Supplied entries

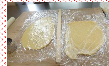
生地をのして型抜き
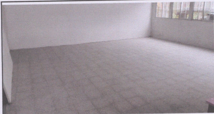
Foto1: Reparación de piso y construcción de pared
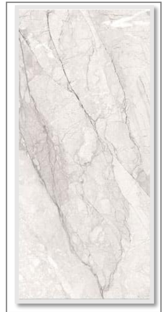
GRES ESM LUMINI PULIDO 60X120 RT FGR1212R50EL60080
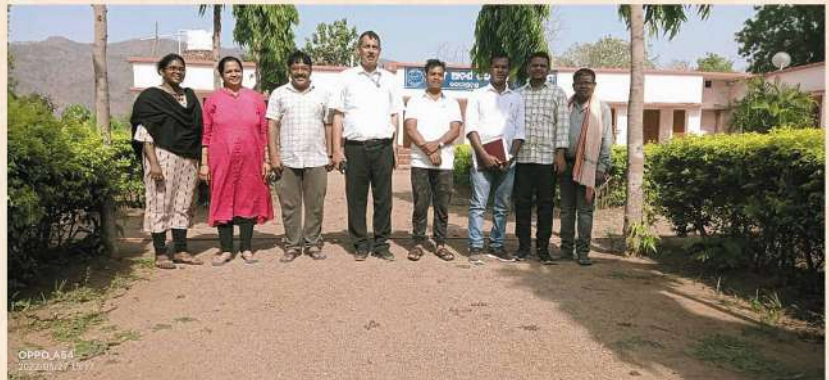
Hon'ble Vice - Chancellor with Faculty Members of Anthropology Department at Kalam School
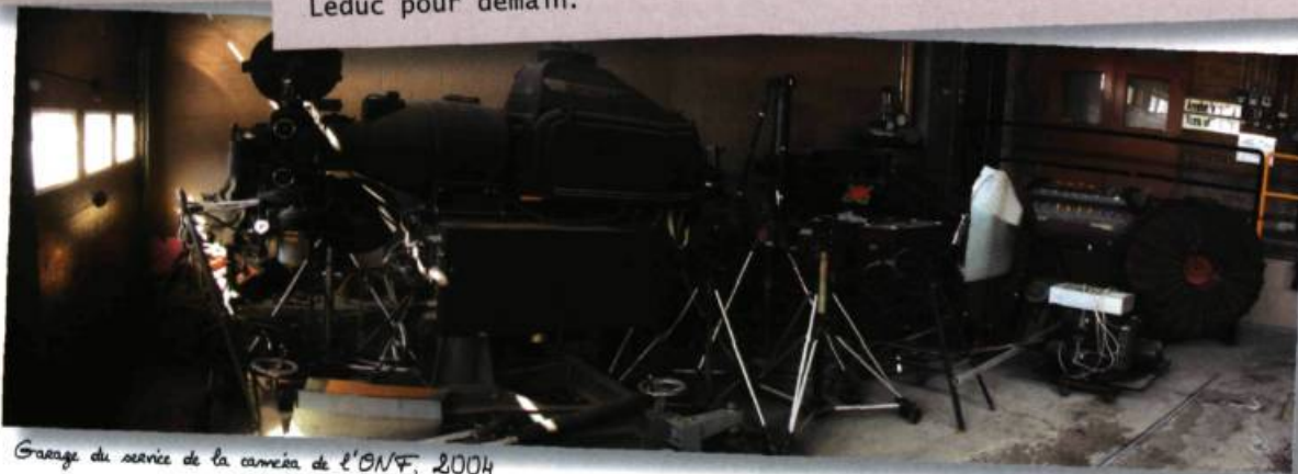
Garage du service de la caméra de l'ONF, 2004

Parfait... je me booke. En attendant, j'essaie de finir un texte sur Leduc pour demain.

Your task
Extract the text of all the records above verbatim, excluding pictures.

Task result
生地をのして型抜き
Foto1: Reparación de piso y construcción de pared
GRES ESM LUMINI PULIDO 60X120 RT FGR1212R50EL60080
Hon'ble Vice - Chancellor with Faculty Members of Anthropology Department at Kalam School
Garage du service de la caméra de l'ONF, 2004

Parfait... je me booke. En attendant, j'essaie de finir un texte sur Leduc pour demain.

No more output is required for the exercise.